**Available records**
- - -

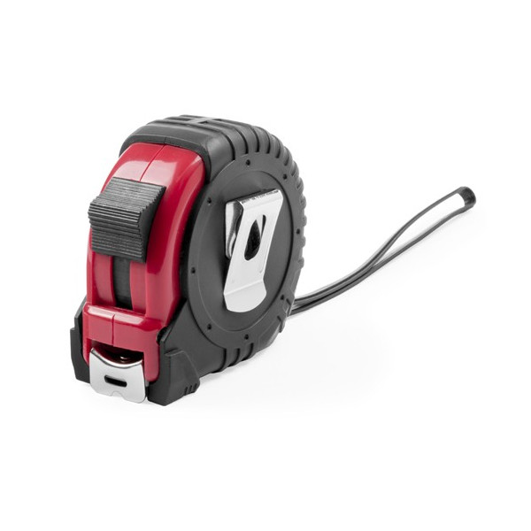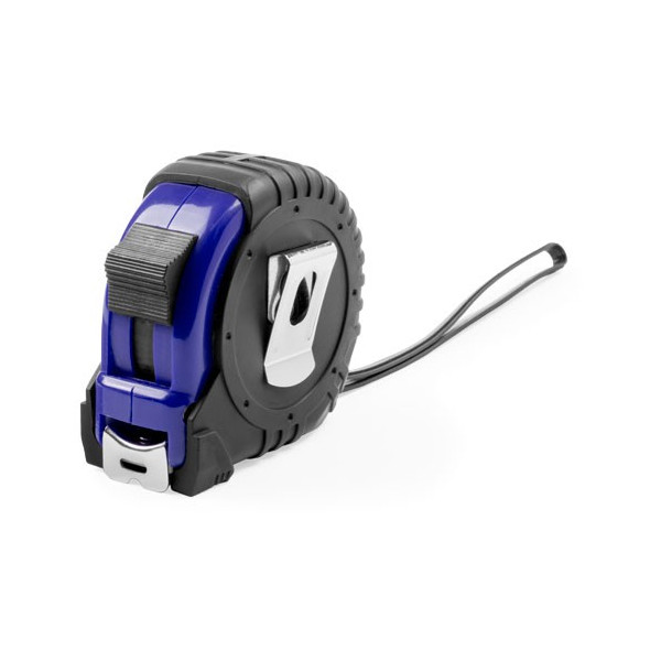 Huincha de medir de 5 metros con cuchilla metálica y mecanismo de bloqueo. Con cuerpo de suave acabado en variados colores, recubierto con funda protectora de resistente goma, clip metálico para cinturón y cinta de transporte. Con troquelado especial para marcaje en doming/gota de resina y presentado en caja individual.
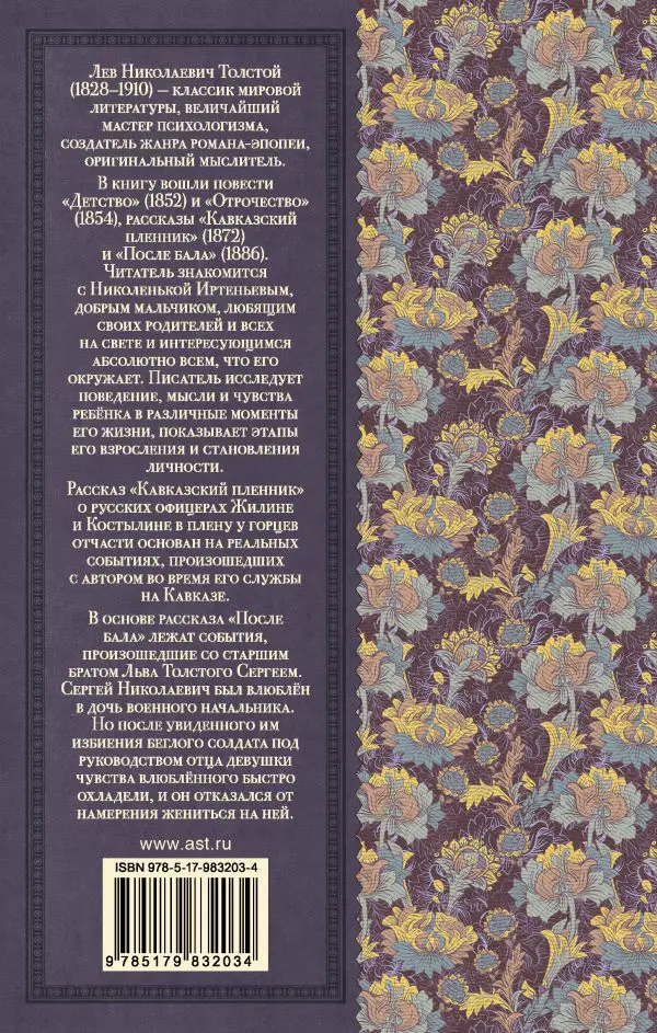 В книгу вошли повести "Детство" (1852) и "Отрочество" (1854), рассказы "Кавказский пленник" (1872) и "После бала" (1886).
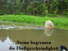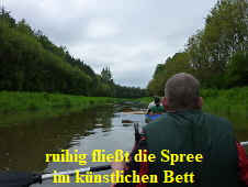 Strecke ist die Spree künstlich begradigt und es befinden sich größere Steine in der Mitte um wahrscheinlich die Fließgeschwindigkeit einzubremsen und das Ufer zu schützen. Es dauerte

- - -

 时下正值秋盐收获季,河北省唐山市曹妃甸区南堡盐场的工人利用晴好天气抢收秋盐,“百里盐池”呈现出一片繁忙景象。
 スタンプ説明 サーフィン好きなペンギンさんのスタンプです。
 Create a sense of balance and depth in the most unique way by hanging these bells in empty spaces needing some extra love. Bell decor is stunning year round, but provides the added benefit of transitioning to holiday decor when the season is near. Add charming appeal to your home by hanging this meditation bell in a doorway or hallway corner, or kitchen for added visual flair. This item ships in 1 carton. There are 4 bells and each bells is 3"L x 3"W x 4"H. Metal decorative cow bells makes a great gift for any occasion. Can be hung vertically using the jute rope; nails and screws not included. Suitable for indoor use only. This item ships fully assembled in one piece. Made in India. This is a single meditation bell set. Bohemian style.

- - -

**Work to be completed**
Look back at the data above, then output exactly the lines from the line holding "Huincha de medir" up to and including the line holding "В книгу вошли". Leave out the pictures.

**Reply to the exercise**
 Huincha de medir de 5 metros con cuchilla metálica y mecanismo de bloqueo. Con cuerpo de suave acabado en variados colores, recubierto con funda protectora de resistente goma, clip metálico para cinturón y cinta de transporte. Con troquelado especial para marcaje en doming/gota de resina y presentado en caja individual.
 В книгу вошли повести "Детство" (1852) и "Отрочество" (1854), рассказы "Кавказский пленник" (1872) и "После бала" (1886).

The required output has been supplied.